**Aim of the exercise:** In the records below, find the line containing "Superb Label에서 폴리곤", then copy that line and all lines after it, exactly, omitting every picture.

----- Recorded data

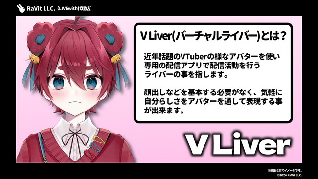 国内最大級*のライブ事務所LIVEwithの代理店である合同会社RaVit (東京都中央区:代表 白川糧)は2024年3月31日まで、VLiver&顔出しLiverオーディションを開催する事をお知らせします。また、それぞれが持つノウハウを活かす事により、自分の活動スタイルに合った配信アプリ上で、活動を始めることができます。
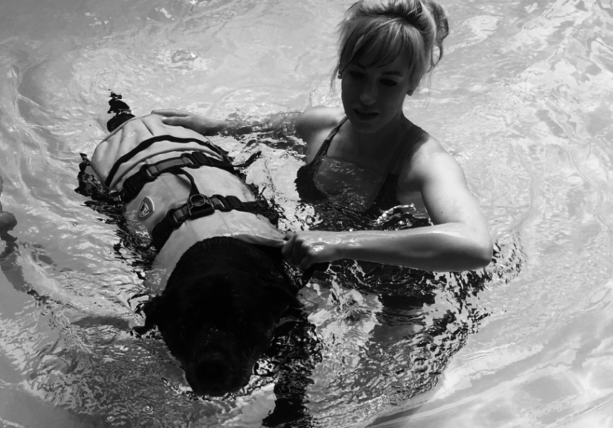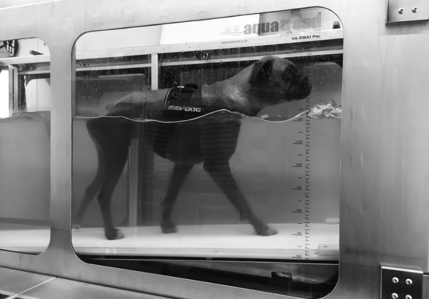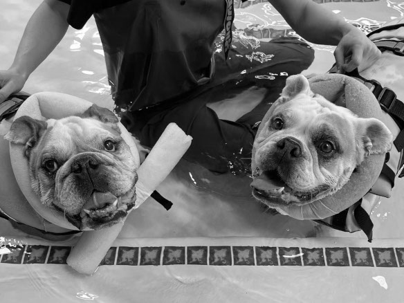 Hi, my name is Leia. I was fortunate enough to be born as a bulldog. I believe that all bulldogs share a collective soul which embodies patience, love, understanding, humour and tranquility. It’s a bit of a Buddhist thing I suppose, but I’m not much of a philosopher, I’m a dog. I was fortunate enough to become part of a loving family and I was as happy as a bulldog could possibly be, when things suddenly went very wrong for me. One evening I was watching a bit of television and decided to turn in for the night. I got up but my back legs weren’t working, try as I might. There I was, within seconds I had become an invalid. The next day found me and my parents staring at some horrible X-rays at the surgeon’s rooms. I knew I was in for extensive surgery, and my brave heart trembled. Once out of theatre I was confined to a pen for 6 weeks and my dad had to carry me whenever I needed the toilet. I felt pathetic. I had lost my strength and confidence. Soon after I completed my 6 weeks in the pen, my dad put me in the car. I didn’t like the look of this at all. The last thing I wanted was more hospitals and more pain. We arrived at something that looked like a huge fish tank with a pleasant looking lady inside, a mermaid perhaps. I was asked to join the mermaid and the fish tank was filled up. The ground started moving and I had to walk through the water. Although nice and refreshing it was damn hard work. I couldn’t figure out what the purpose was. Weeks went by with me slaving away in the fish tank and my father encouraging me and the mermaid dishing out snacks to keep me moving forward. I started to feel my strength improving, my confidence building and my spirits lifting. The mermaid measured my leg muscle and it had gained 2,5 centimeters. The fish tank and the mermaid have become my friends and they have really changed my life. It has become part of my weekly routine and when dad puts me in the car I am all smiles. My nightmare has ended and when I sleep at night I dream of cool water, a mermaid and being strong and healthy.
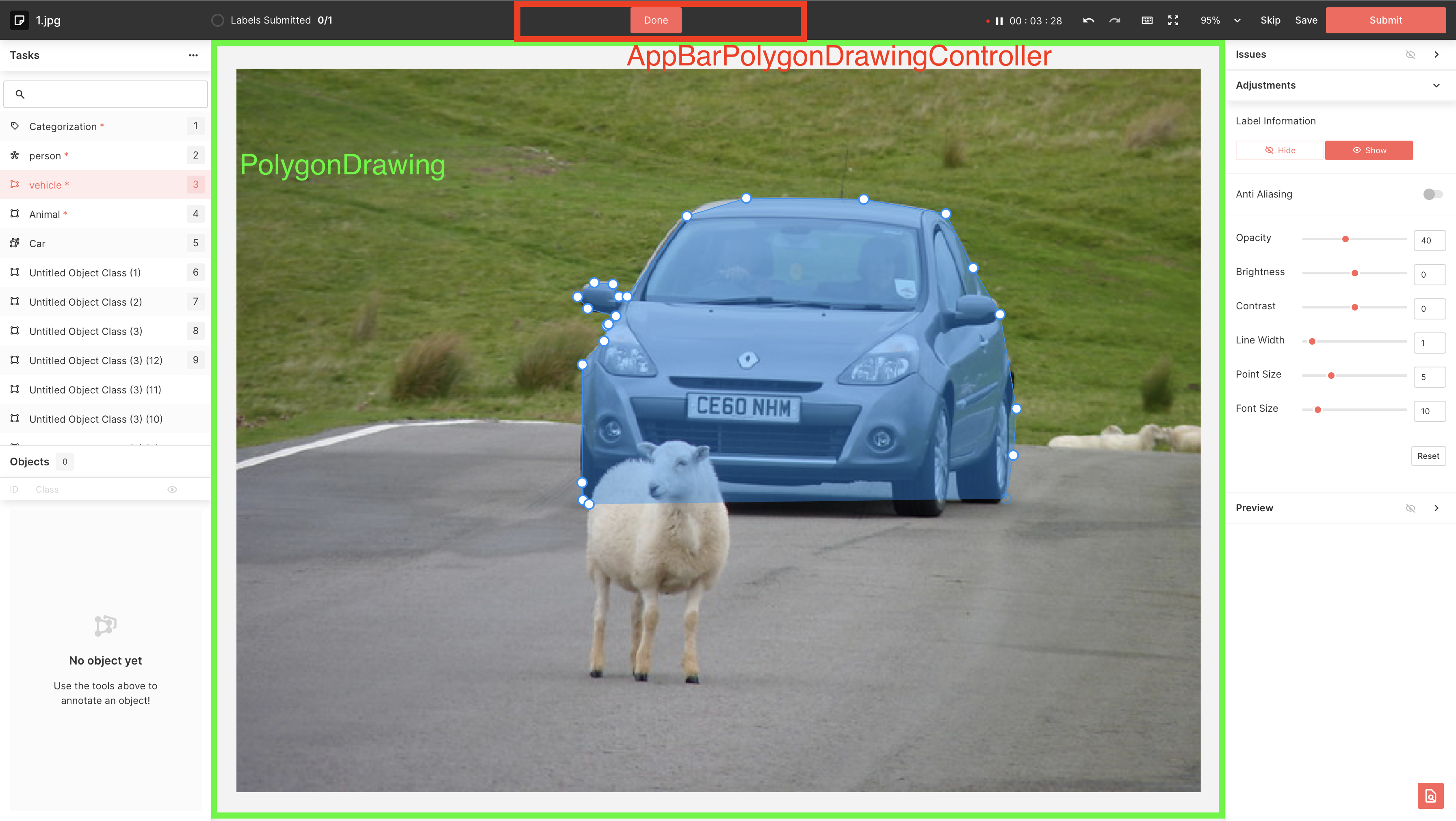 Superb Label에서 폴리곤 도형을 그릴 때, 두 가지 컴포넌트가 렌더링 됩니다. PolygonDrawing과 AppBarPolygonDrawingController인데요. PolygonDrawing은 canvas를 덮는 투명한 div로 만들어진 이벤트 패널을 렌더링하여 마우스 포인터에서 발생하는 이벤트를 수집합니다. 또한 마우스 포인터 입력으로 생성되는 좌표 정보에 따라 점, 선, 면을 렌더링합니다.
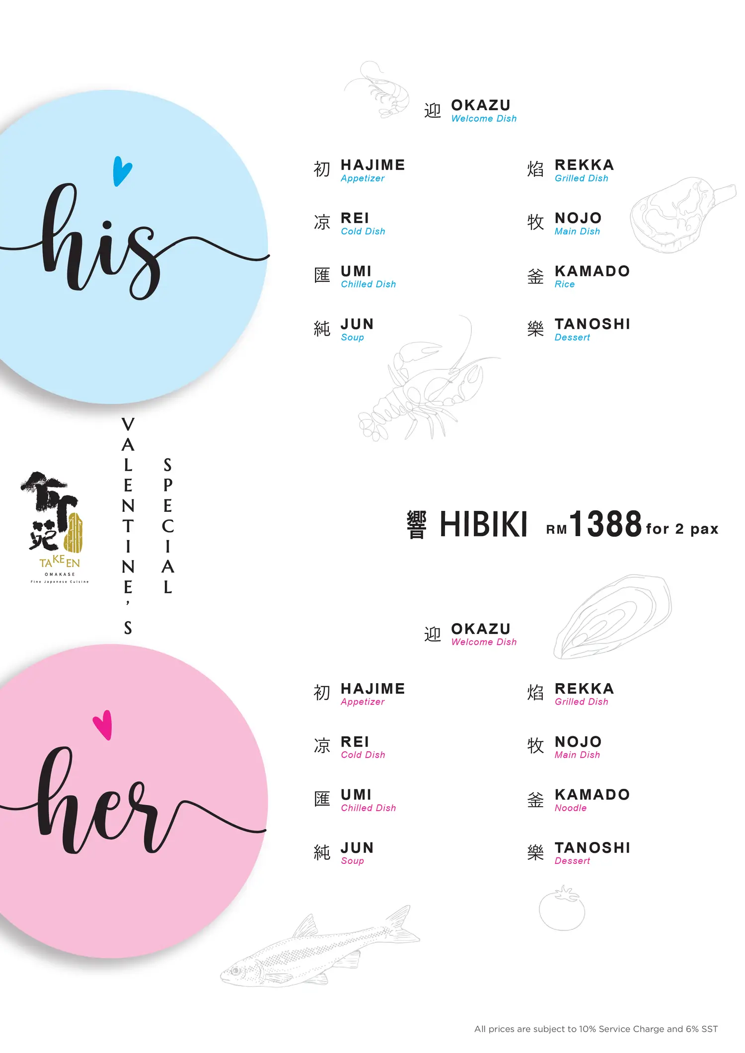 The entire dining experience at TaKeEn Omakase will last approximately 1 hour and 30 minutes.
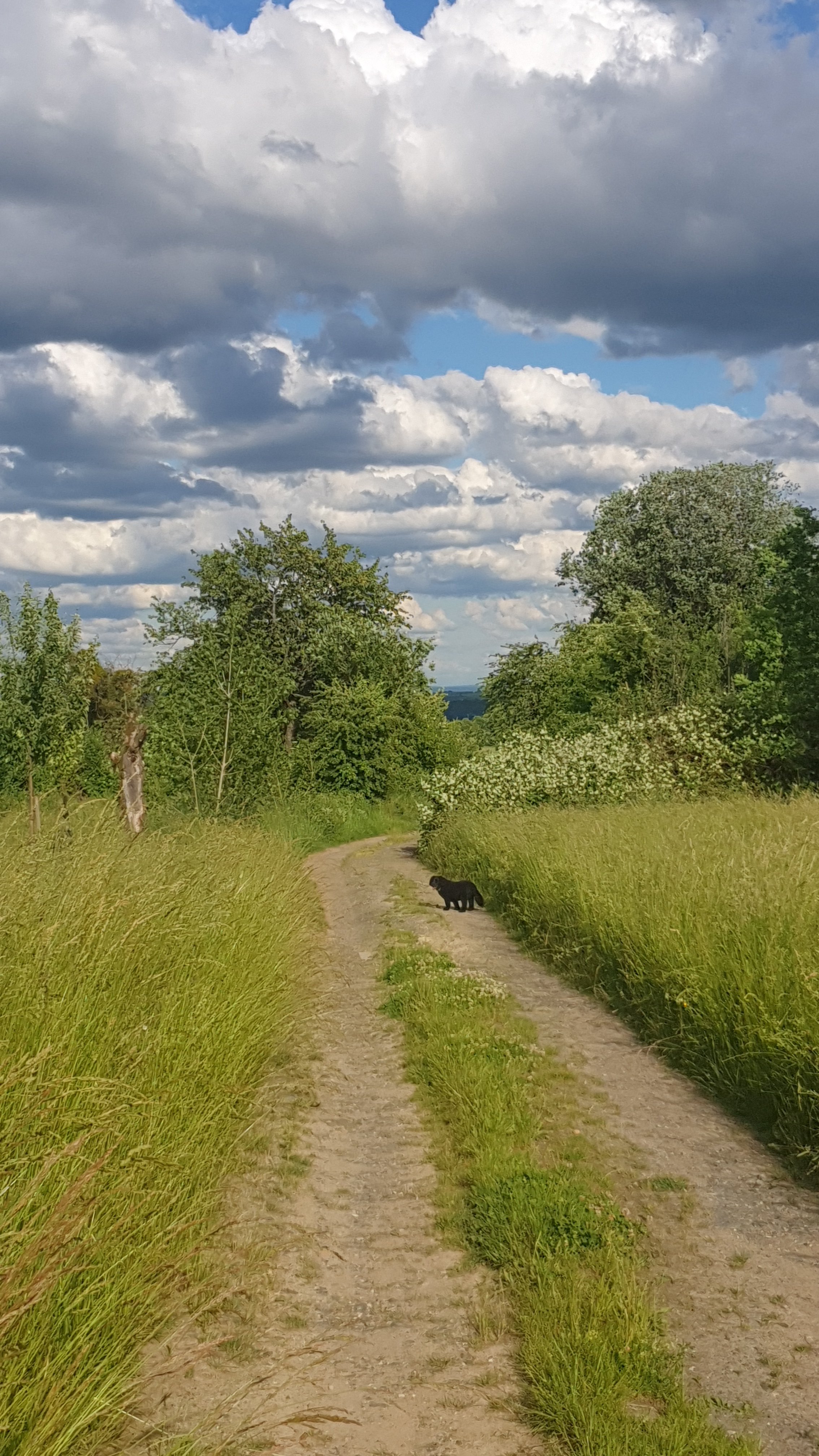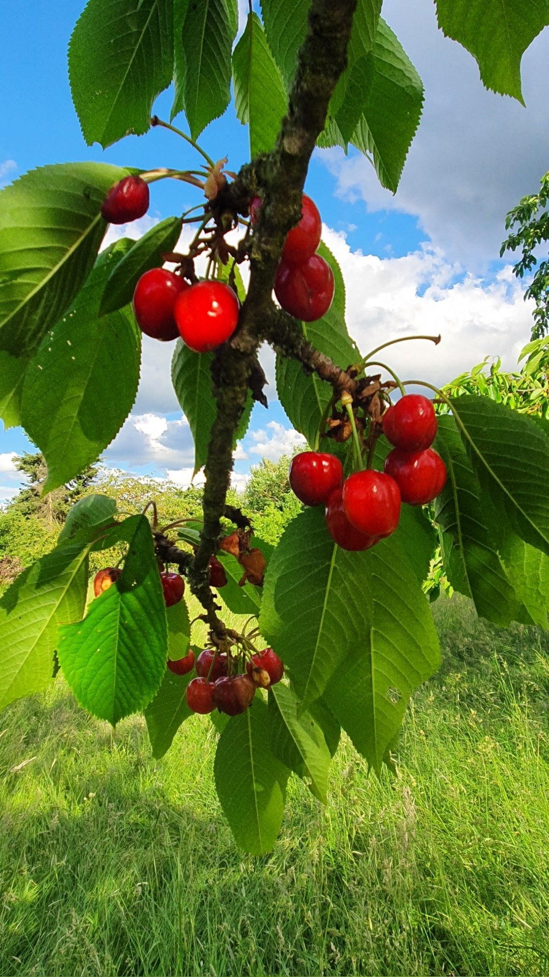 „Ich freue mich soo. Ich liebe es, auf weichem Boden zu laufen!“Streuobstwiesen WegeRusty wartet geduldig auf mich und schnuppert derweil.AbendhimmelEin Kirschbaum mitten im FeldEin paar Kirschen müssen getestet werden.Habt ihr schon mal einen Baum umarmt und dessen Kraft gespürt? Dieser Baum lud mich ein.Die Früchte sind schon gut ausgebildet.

----------

**Solution to this task:**
 Superb Label에서 폴리곤 도형을 그릴 때, 두 가지 컴포넌트가 렌더링 됩니다. PolygonDrawing과 AppBarPolygonDrawingController인데요. PolygonDrawing은 canvas를 덮는 투명한 div로 만들어진 이벤트 패널을 렌더링하여 마우스 포인터에서 발생하는 이벤트를 수집합니다. 또한 마우스 포인터 입력으로 생성되는 좌표 정보에 따라 점, 선, 면을 렌더링합니다.
 The entire dining experience at TaKeEn Omakase will last approximately 1 hour and 30 minutes.
 „Ich freue mich soo. Ich liebe es, auf weichem Boden zu laufen!“Streuobstwiesen WegeRusty wartet geduldig auf mich und schnuppert derweil.AbendhimmelEin Kirschbaum mitten im FeldEin paar Kirschen müssen getestet werden.Habt ihr schon mal einen Baum umarmt und dessen Kraft gespürt? Dieser Baum lud mich ein.Die Früchte sind schon gut ausgebildet.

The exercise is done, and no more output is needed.